# Dublin beanery



## 44Whitehall (Feb 4, 2014)

I'll be in Dublin this weekend and wonder whether anyone can recommend good beans for espresso? It would be nice to try a local roaster as a change to a recent run of English houses.

Also any good espresso bar/cafe recommendations welcome.

Thanks


----------



## Neill (Jun 26, 2013)

3fe is a must. Glenn has a write up with a list somewhere.


----------



## Neill (Jun 26, 2013)

Here you go http://coffeeforums.co.uk/showthread.php?t=17629


----------



## 44Whitehall (Feb 4, 2014)

Great - thanks very much.


----------



## Doozerless (Apr 3, 2015)

In Dublin there's 3fe (part owned by Steve from Hasbean) and Coffeeangel. Both have retail outlets in central enough areas in the city centre. There's also Cloudpicker, who have a retail unit in the Science Gallery on Pearse Street.

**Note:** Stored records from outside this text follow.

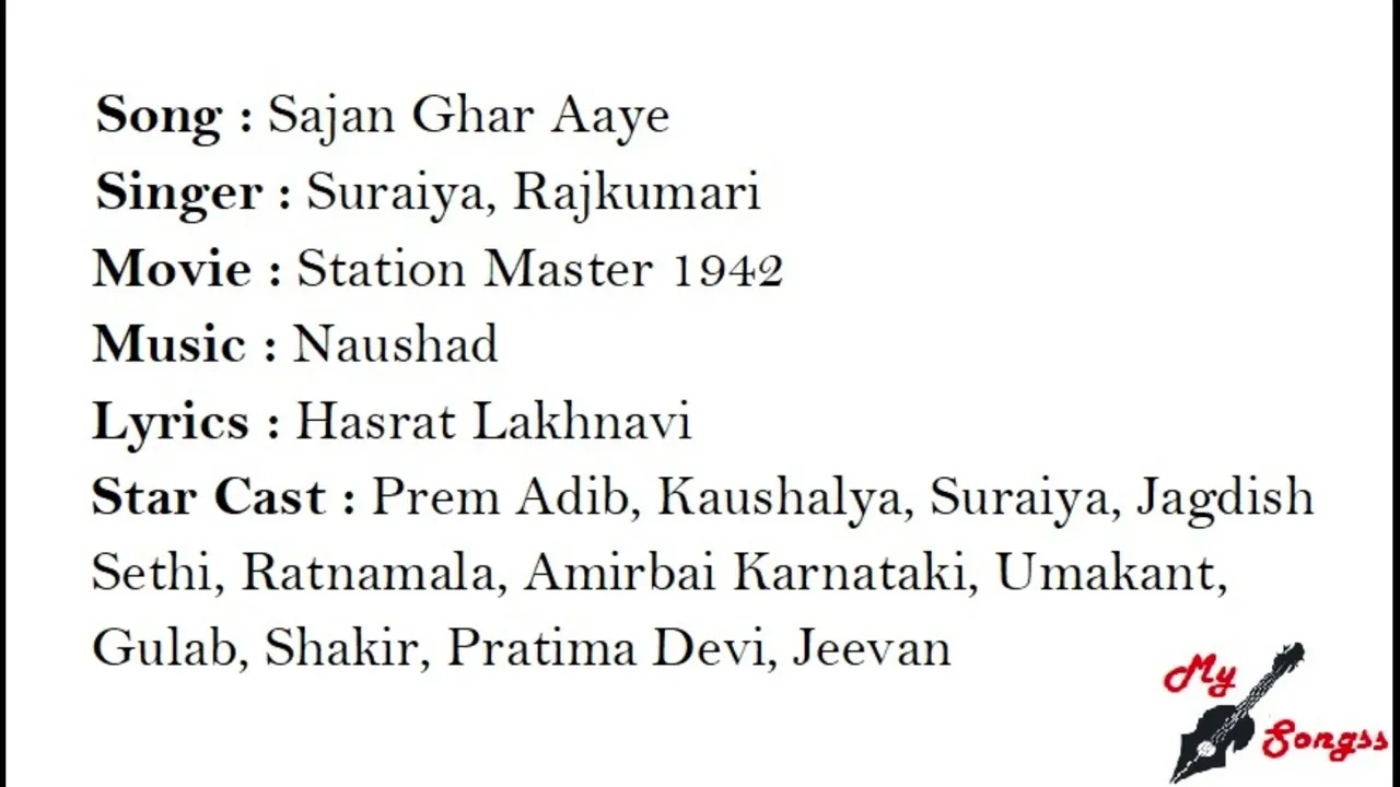 SingerAmirbai Karnataki, G M Durrani, Rajkumari, Suraiya, Prem Adeeb, Kaushalya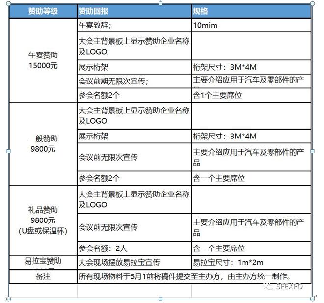 為了給部分汽車表面工程相關的供應商提供一個精準展示推廣的機會,現(xiàn)提供以下贊助方案: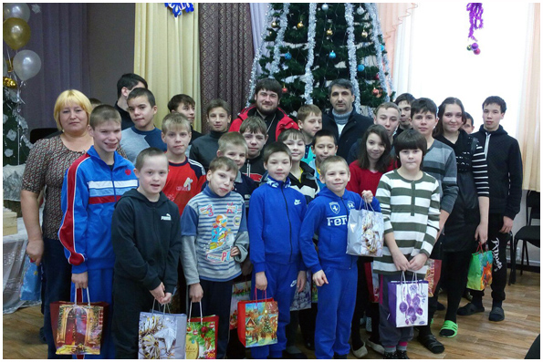 В Рождественский сочельник настоятель Никольского собора г. Мензелинска иерей Роман Храмутичев и владелец ресторана ODZUN Геворг Костандян, представитель армянской диаспоры города, посетили дом-интернат и подарили детям подарки.
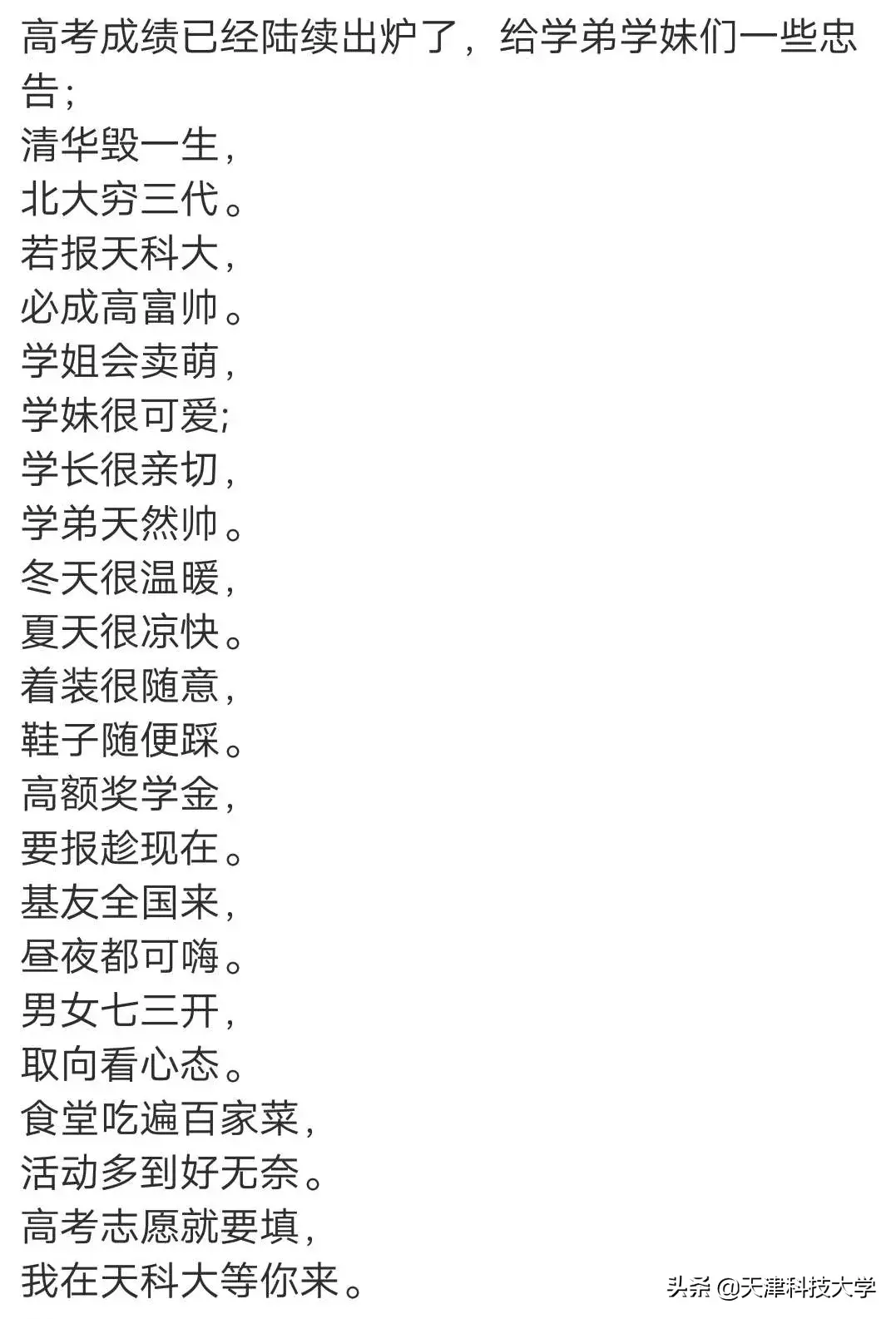 版权声明:我们致力于保护作者版权,注重分享,被刊用文章【天津科技大学官网(高考成绩新鲜出炉)】因无法核实真实出处,未能及时与作者取得联系,或有版权异议的,请联系管理员,我们会立即处理! 部分文章是来自自研大数据AI进行生成,内容摘自(百度百科,百度知道,头条百科,中国民法典,刑法,牛津词典,新华词典,汉语词典,国家院校,科普平台)等数据,内容仅供学习参考,不准确地方联系删除处理!;
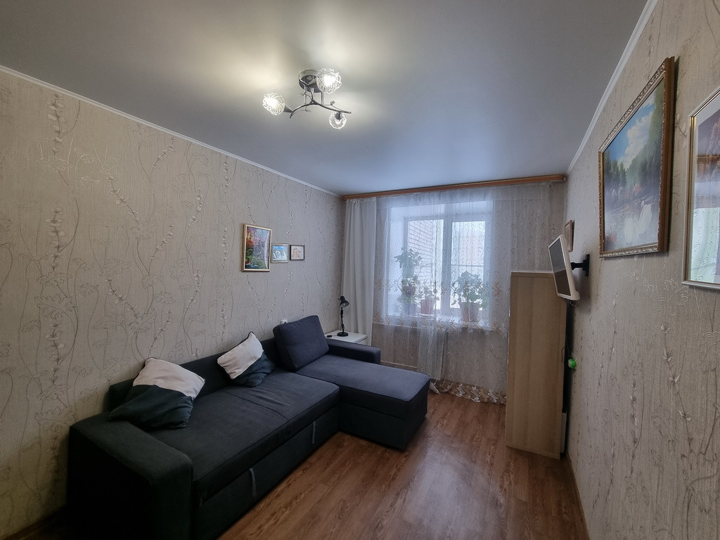 В квартире хорошая чистовая отделка, можно заехать и жить: полы, стены и потолки выровнены, на полу в прихожей и зале ламинат, в сплаьне и на кухне линолеум, санузел полностью отделан кафелем, потолки в основном натяжные матовые. Все окна заменены на пластиковые с 2х камерными стеклопакетами.

Vice Coffee is a coffee shop that has a good range of guest coffee on brew.

Here's a Top 10 coffee shop list from last year.


----------



## 44Whitehall (Feb 4, 2014)

3Fe was great, and a real buzz this morning. Kaph was also a cool place to hang out, however basic it may be. I tried to get to the Science gallery but no joy - closed each time I was there.

Thanks to all for the recommendations.


----------